Giving the Lord's Supper to unbelievers and/or to the unbaptized in our day would be like allowing the uncircumcised and/or idolatrous Gentiles to partake of the Passover in the OT, or giving the Lord's Supper to the unbaptized and/or unbelieving Jews and pagan Gentiles in the NT church. This is a practice that would have caused the Apostles to recoil in horror. From a confessional (and Biblical) perspective, allowing unbelievers and/or unbaptized in our churches should neither be entertained nor practiced in our churches.


----------



## Contra_Mundum (Jan 27, 2009)

There's nothing especially "loving" about refusing to draw lines that "separate".

If it be "wrong" to so draw lines, then I suppose "free love" should be the order of the day. Why not reject marriage, if the vows erect a moral barrier to "sharing" your partner? Hey, it's not "loving" of you to keep her/him from me!
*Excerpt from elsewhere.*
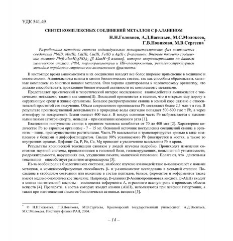 Библиографическое описание:Синтез комплексных соединений металлов с β-аланином / Н. Н. Головнев, А. Д. Васильев, М. С. Молокеев [и др.]. - Текст : непосредственный // Вестник Красноярского государственного университета. - 2004. - Естественные науки, № 2. - С. 14-20. - Библиогр. в конце ст.

Listen, it comes down to this: there as people _inside_ the church, and people _outside_ the church. That is the fundamental barrier. And there are people who are _inside but *ineligible*_ for the Supper (that's what discipline is about), and those who are _inside and *eligible*_. In fact, DISCIPLINE is what LOVE does. If ye are not chastized, then are ye bastards, and not true sons. For the Father disciplines every son that he loves.
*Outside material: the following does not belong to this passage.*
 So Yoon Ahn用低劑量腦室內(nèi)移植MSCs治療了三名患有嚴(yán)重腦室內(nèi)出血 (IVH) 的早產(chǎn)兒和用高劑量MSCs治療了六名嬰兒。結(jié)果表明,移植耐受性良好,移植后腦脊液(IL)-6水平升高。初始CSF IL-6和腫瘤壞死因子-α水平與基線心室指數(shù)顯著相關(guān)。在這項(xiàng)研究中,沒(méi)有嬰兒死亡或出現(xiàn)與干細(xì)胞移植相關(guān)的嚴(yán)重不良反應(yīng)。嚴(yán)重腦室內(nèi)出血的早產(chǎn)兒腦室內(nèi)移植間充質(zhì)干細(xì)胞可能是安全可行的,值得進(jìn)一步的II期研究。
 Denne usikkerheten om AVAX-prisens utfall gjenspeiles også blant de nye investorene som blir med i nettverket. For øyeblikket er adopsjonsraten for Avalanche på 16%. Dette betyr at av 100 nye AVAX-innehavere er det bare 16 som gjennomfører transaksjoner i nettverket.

Lines are for the protection of all concerned. Elders, like parents, will have their performance examined, as those who must give an account, on the Day of Judgment.


----------



## mvdm (Jan 27, 2009)

This question also lay at the heart of the "communion controversy" in which Jonathan Edwards rejected {rightly} his grandfather Stoddard's view of the sacrament as a "converting ordinance" for the unbeliever. 

There's nothing new under the sun


----------



## jwithnell (Jan 27, 2009)

This is also an extension of the OT practice where only the covenant community participated.


----------



## Contra_Mundum (Jan 27, 2009)

I would go further, and posit that based on the available Scriptural evidence, under the Old Covenant only circumcised adult males were invited to the actual memorial table of Passover.

Just another way the New Covenant is better.


----------



## jwithnell (Jan 28, 2009)

I have sometimes studied diagrams that show who could go where in the temple and its surrounding courtyards and have marveled at the wonder of all believers now being able to go into worship and to participate in the means of grace. We are truly blessed.


----------



## Scott1 (Jan 28, 2009)

> _*The Westminster Confession of Faith for Study Classes
> *_*GI Williamson
> p. 283*
> 
> The Lord's Supper is _not_ a means of grace to those who have no grace (I Cor. 11:27-29). The preaching of the Word of God, by contrast, is a means of grace to those who have no grace. No one is required to discern the Lord's body before he hears the gospel. But this requirement proves that the Lord's Supper is not a converting ordinance. It is not a means of effecting union with Christ. It is rather a means of strength and assurance to those who have have union with Christ.





> *Westminster Confession of Faith
> Chapter XXIX
> *
> 
> ...



Not only should non-believers not partake, "disorderly" believers should not.


----------